A rebounding dollar, coupled with investor expectations of higher first- quarter profits, drove share prices of most financial systems firms higher, particularly outsourcing and payment systems companies.
Diebold Inc. on Thursday reported higher revenues and earnings for the quarter ended March 31. The manufacturer of automated teller machines had net income of $15.2 million, or 50 cents per share, on revenues of $197 million. A consensus of Wall Street analysts had expected Diebold to report earnings of 48 cents per share for the period, according to First Call Corp..
The Canton, Ohio-based company's results compared with net income a year earlier of $12.7 million, or 42 cents per share, on revenues of $176.8 million.
"We are pleased to report that revenues were up 11% and earnings per share increased 19% compared to the 1994 first quarter," said Robert W. Mahoney, Diebold's chairman, president, and chief executive. "Orders were up 13% versus the prior-year period, with all major product lines showing double-digit increases."
Mr. Mahoney added that in the quarter Diebold finalized the purchase of Applied Network Technologies Inc., a supplier of integrated software for the college and university market, and also entered into a strategic alliance with Optical Data Systems Inc., which provides highly integrated networking solutions.
Diebold's common stock closed at $39.25 per share Thursday, up $3.50 for the week.
Total System Services Inc. announced last week that although revenues rose a whopping 30% in the first quarter, earnings per share were only slightly higher.
The Columbus, Ga., credit card processor reported net income of $4.8 million, an increase of 10% over the year-earlier period. Earnings per share were 7 cents, up from 6.7 cents. The consensus estimate had been 8 cents a share, according to First Call.

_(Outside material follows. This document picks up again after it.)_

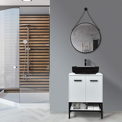 Bathroom Vanity With Shelf On Bottom - Allen Roth Hamburg 24 In White Undermount Single Sink Bathroom Vanity With White Engineered Stone Top In The Bathroom Vanities With Tops Department At Lowes Com / The arched mirror is supported by solid poplar wood, two thick shelves on the bottom allowing for easy organization.. Soft close drawer organizers pull out under cabinet sliding shelf base kitchen bathroom vanity under sink pull out organizer drawer roll out wood box storage shelve 14'' w x 22'' d rolling tray: This item makeup organizer 360 degree rotating large capacity cosmetic storage box 7 layers adjustable shelf height, fits makeup brushes lipsticks for bedroom bathroom dresser or vanity countertop makeup organizer, 360 degree rotating adjustable cosmetic storage display case with 8 layers large capacity, fits jewelry,makeup brushes, lipsticks. The surface is crafted from stone in a carrara white color that complements your contemporary decor. Brighten up your bathroom or add an accent piece above the bookshelf with this modern vanity mirror. Smart vanity designs can pack plenty of style and storage into a tight space.

Total System's stock closed at $16.50 per common share Thursday, down 50 cents for the week.
Affiliated Computer Services Inc. announced last week that its president and chief operating officer has resigned.
Officials at the Dallas-based outsourcing firm said Charles M. "Chick" Young, one of the company's founders, had left to pursue other interests, and would be replaced by chief financial officer Jeffrey A. Rich. Mark A. King, a senior vice president for finance and accounting, would assume Mr. Rich's former position, they added.
"I am very pleased with the depth and breadth of talent in our management team in place today that is prepared to move ACS into the next century," said Darwin Deason, chairman and chief executive. "Chick Young has contributed a great deal to the success of ACS since its formation in 1988, and we wish him continued success in his future endeavors."
The company also announced last week it has acquired McCoy Meyers and Associates, an Amarillo, Tex.-based software firm that has developed Unix- based systems for more than 100 banking clients.
Common stock of Affiliated Computer Services closed at $28 per share Thursday, down $1.25 for the week.